From 2003, things really start to happen, both commercially and critically, and now Beady Belle is an internationally known band. After a concert in London during a European tour in 2005, the UK jazz performer Jamie Cullum came backstage to talk with the band. That meeting sparked a big tour over UK and some concerts in Germany, France, Norway, Sweden and Denmark, with Beady Belle as Cullum's supporting act. In 2008, they appeared at the Calgary Jazz Festival in Canada.

The original band split up in 2015 but vocalist and songwriter Beate S. Lech has since released two albums under the name Beady Belle.

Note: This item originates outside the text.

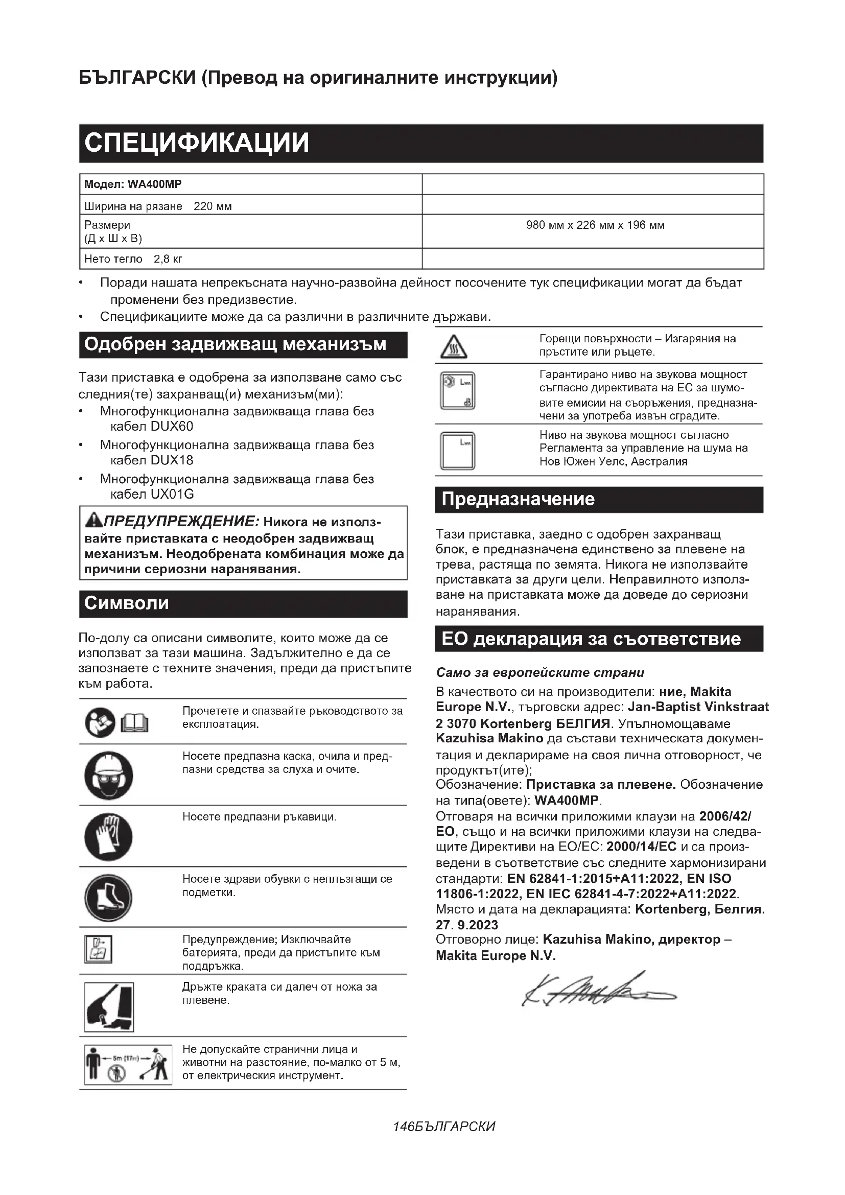 Недопускайтестраничнилицаи животнинаразстояние,по-малкоот5м, отелектрическияинструмент. Горещиповърхности–Изгарянияна пръститеилиръцете. Гарантиранонивоназвуковамощност съгласнодирективатанаЕСзашумо- витеемисиинасъоръжения,предназна- ченизаупотребаизвънсградите. Нивоназвуковамощностсъгласно Регламентазауправлениенашумана НовЮженУелс,Австралия Предназначение Тазиприставка,заедносодобрензахранващ блок,епредназначенаединственозаплевенена трева,растящапоземята.Никоганеизползвайте приставкатазадругицели.Неправилнотоизполз- ваненаприставкатаможедадоведедосериозни наранявания. ЕО декларация за съответствие Само за европейските страни Вкачествотосинапроизводители:ние, Makita Europe N.V.,търговскиадрес:Jan-Baptist Vinkstraat 2 3070 Kortenberg БЕЛГИЯ.Упълномощаваме Kazuhisa Makinoдасъставитехническатадокумен- тацияидекларираменасвояличнаотговорност,че продуктът(ите); Обозначение:Приставка за плевене.Обозначение натипа(овете):WA400MP. Отговарянавсичкиприложимиклаузина2006/42/ ЕО,същоинавсичкиприложимиклаузинаследва- щитеДирективинаЕО/ЕС:2000/14/ECисапроиз- веденивсъответствиесъсследнитехармонизирани стандарти:EN 62841-1:2015+A11:2022, EN ISO 11806-1:2022, EN IEC 62841-4-7:2022+A11:2022. Мястоидатанадекларацията:Kortenberg, Белгия.

Under the name Beady Belle, Lech participated in Melodi Grand Prix 2021 and attempted to represent Norway in the Eurovision Song Contest 2021 with the song "Playing With Fire". She did not qualify from Heat 1, and did not win in the Second Chance round.

== Band members ==
- Beate S. Lech (vocals, composer)
- Marius Reksjø (bass, programming)
- Erik Holm (drums)

== Discography ==
- Home (Jazzland, 2001)
- CEWBEAGAPPIC (Jazzland, 2003)
- Closer (Jazzland, 2005)
- Belvedere (Jazzland, 2008)
- At Welding Bridge (Jazzland, 2010)
- Cricklewood Broadway (Jazzland, 2013)
- On My Own (Jazzland, 2016)
- Dedication (Jazzland, 2018)
- Nothing but the Truth (Jazzland, 2022)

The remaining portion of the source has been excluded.